Figure 3Confirmation of predicted polyA downstream elements by dual Luciferase reporter system. (A) pRL-GAPDHwt was made from a standard pRL-SV40 Renilla expression plasmid by replacing the SV40-derived 3'UTR and polyA signal sequences with the human GAPDH 3'UTR (NM_002046) and 116 nt past the PAS. pRL-GAPDHmt matches pRL-GAPDHwt but having Motif A mutated as shown. Plasmids were transfected into HeLa cells and Luciferase activity measured 24 hours later. Values for Renilla Luciferase were normalized to those obtained from a co-transfected Firefly Luciferase plasmid.
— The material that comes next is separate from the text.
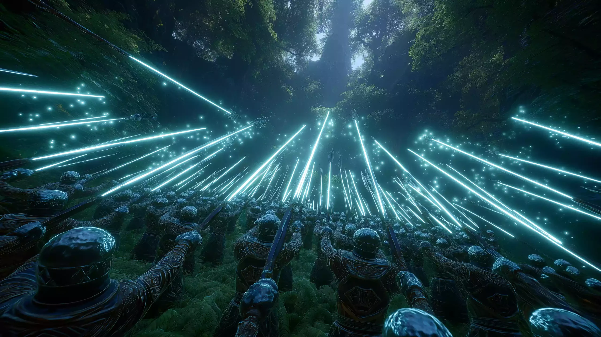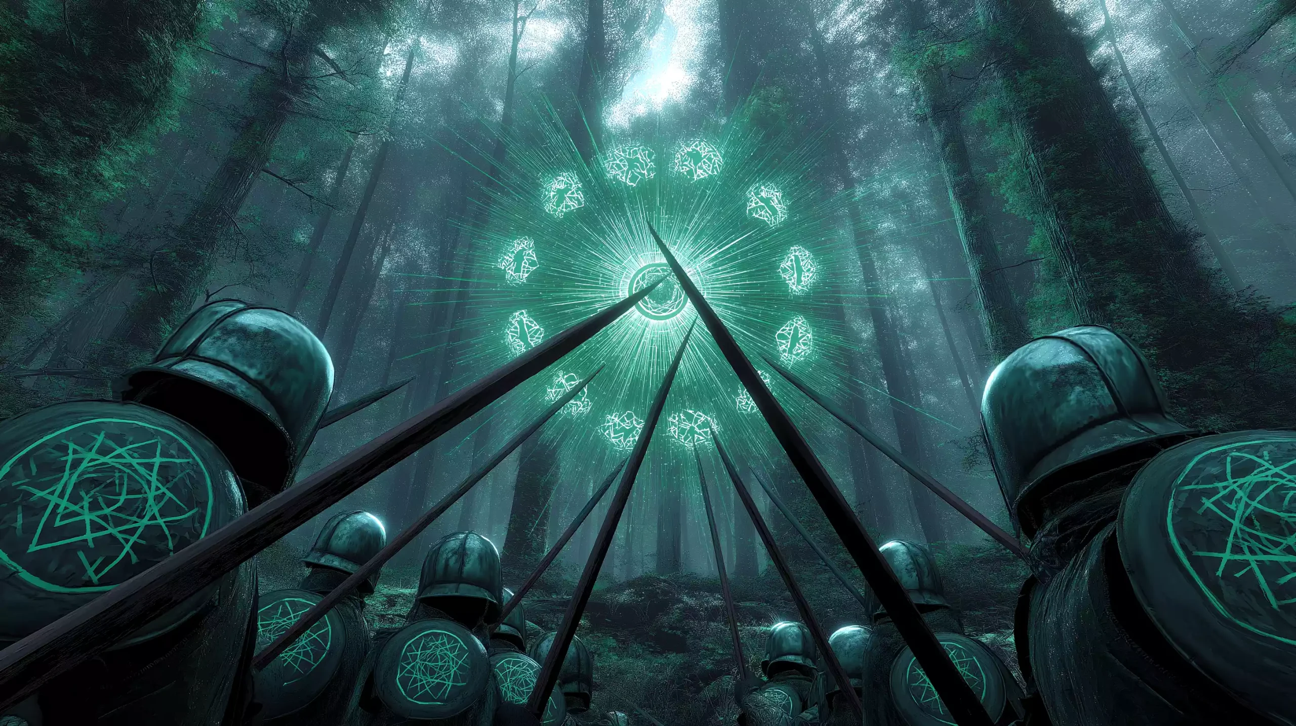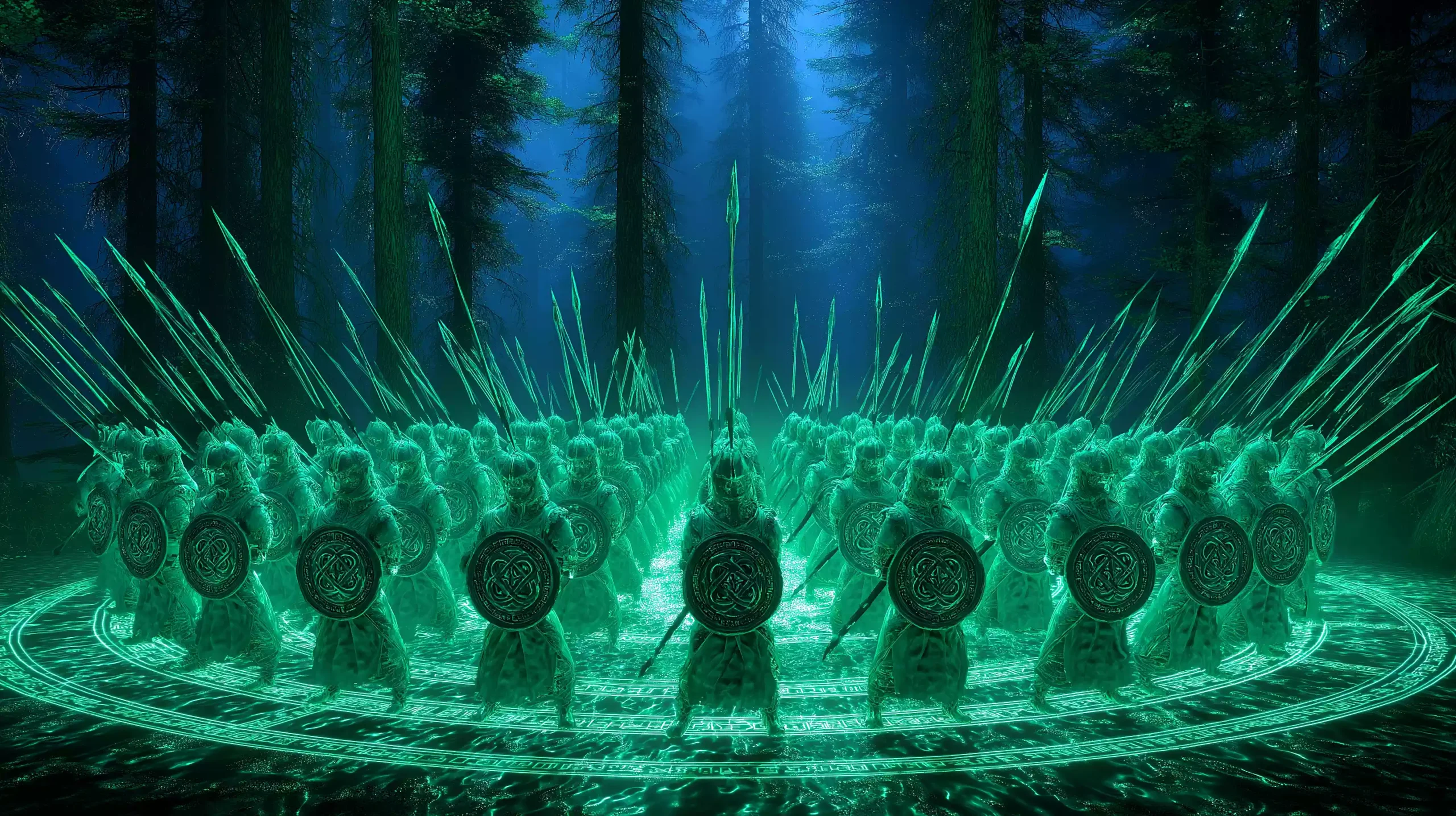 描述:《费奥纳骑士团》,凯尔特铁器时代骑士团在翡翠绿森林与银月光中,战士光影呈紧密环形阵型(长矛 45° 高举,尖端汇聚中央金色竖琴),盔甲饰有狼与鹿交织的凯尔特狩猎纹样,月光透过橡树洒下几何暗影,竖琴散发暖光晕,诠释 “勇气与诗意平衡” 的骑士精神。

The pRL-GAPDHwt plasmid expresses 2.2 fold more Renilla than pRL-GAPDHmt plasmid thus Motif A is enhancing expression by 2.2 fold. (B) pRL-RAFwt (NM_002880) was made like pRL-GAPDHwt but from the human RAF gene sequences as indicated. pRL-RAFmt matches pRL-RAFwt but having Motif A mutated as shown. These plasmids were transfected and analyzed as in panel A. (C) pRL-U1Awt (NM_004596) was made like pRL-GAPDHwt but from the human U1A gene sequences as indicated. pRL-U1Amt matches pRL-U1Awt but having Motif A mutated as shown. These plasmids were transfected and analyzed as in panel A.